Example: summarizing a single document using a budget guidance and source content guidance. python training_domain = 'arxiv' model = FactorSum(training_domain) summary = model.summarize( document, # a document string budget_guidance=200, # budget guidance in tokens source_token_budget=budget_guidance, # number of tokens to use from source document as content guidance verbose=True, )

A command-line tool is provided to explore summary samples and parameters.
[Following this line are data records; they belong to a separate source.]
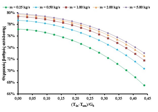 Η εικόνα 4 δείχνει ότι η θερμική απόδοση για μηδενική γωνία πρόσπτωσης είναι εν γένει υψηλή και μεγαλύτερη από 66% για όλες τις εξεταζόμενες συνθήκες. Χρησιμοποιείται θερμικό έλαιο το οποίο λειτουργεί έως τους 400oC περίπου για λόγους ασφαλείας. Επίσης, είναι σημαντικό να αναφερθεί ότι για παροχή μάζας μεγαλύτερης του 1 kg/s, η απόδοση πλησιάζει τις μέγιστες δυνατές τιμές.
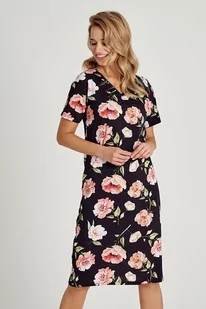 Czarna Koszula Nocna z Kwiatowym Printem z Siateczki Xyvi
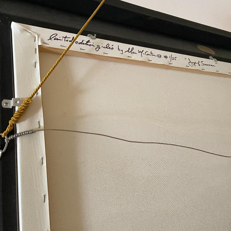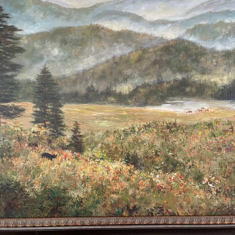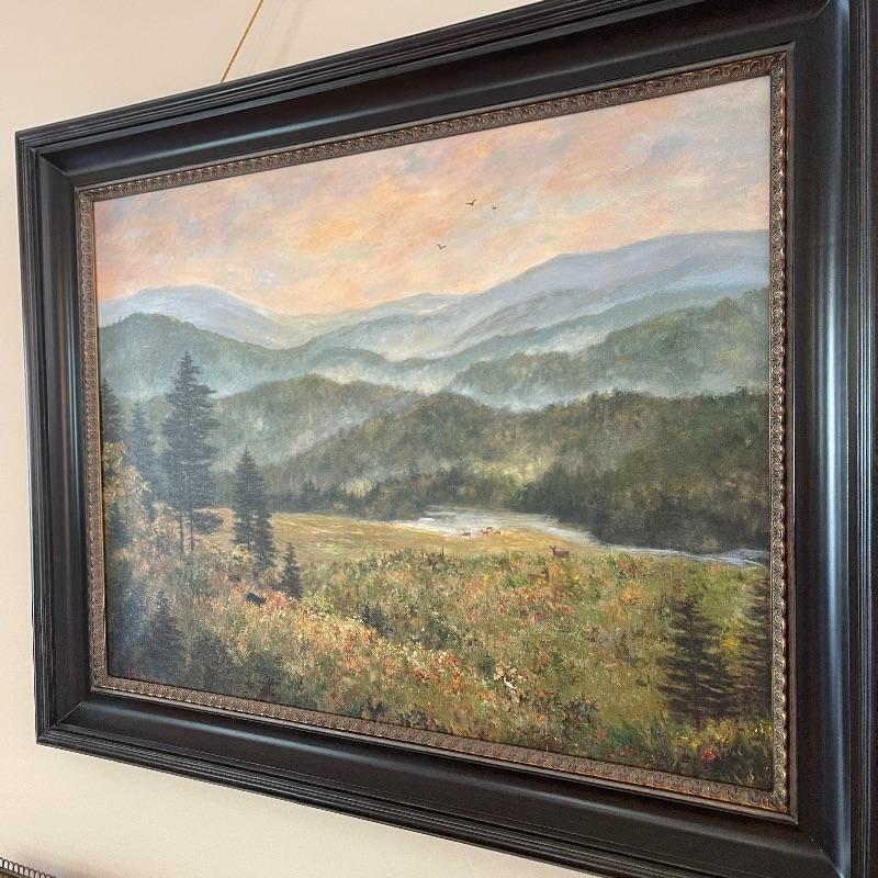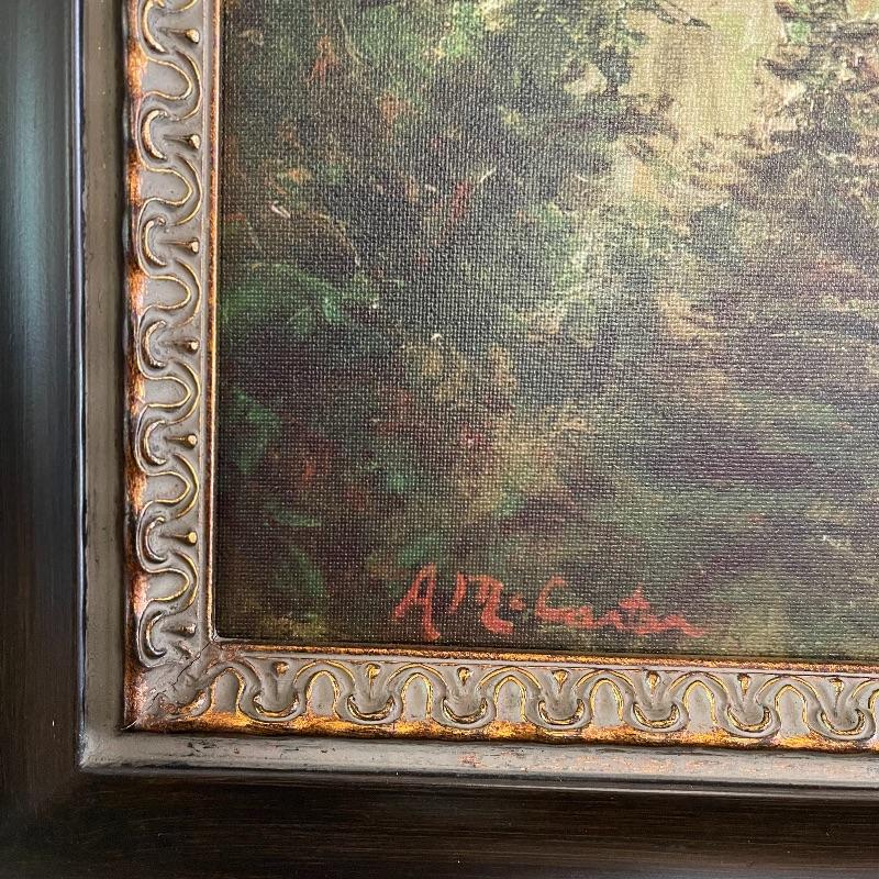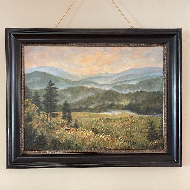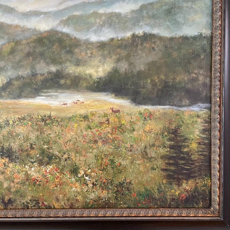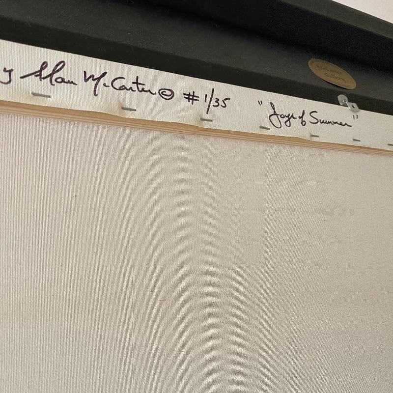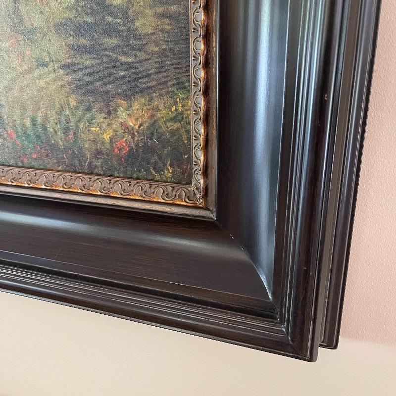 Large framed landscape artwork. Limited edition by Alan McCarter, “Joys of Spring,” giclee 1 of 35. It is framed in a 2.5 inch deep dark wood frame. The giclee is on a pre-stretched canvas and set into the frame from the back. It is 50 inches long by 39.5 inches high.

For instance, to see the summary for the sample 230 from arXiv test set, use the following command (GPU recommended): shell python -m factorsum.model --doc_id 230 --dataset_name arxiv --split test \ --budget_guidance=200 --content_guidance_type source It will output target abstract, the generated summary, and the evaluation scores.

Colab Playground

A Colab notebook is available for summary generation.

Reproducing the evaluation results

The evaluation procedure relies on the following data: - The arXiv, PubMed, and GovReport summarization datasets. - The document views dataset generated by the sampling procedure (refer to Section 2.1 "Sampling Document Views" in the paper). - The summary views predicted from the document views (see Section 2.1.1 in the paper).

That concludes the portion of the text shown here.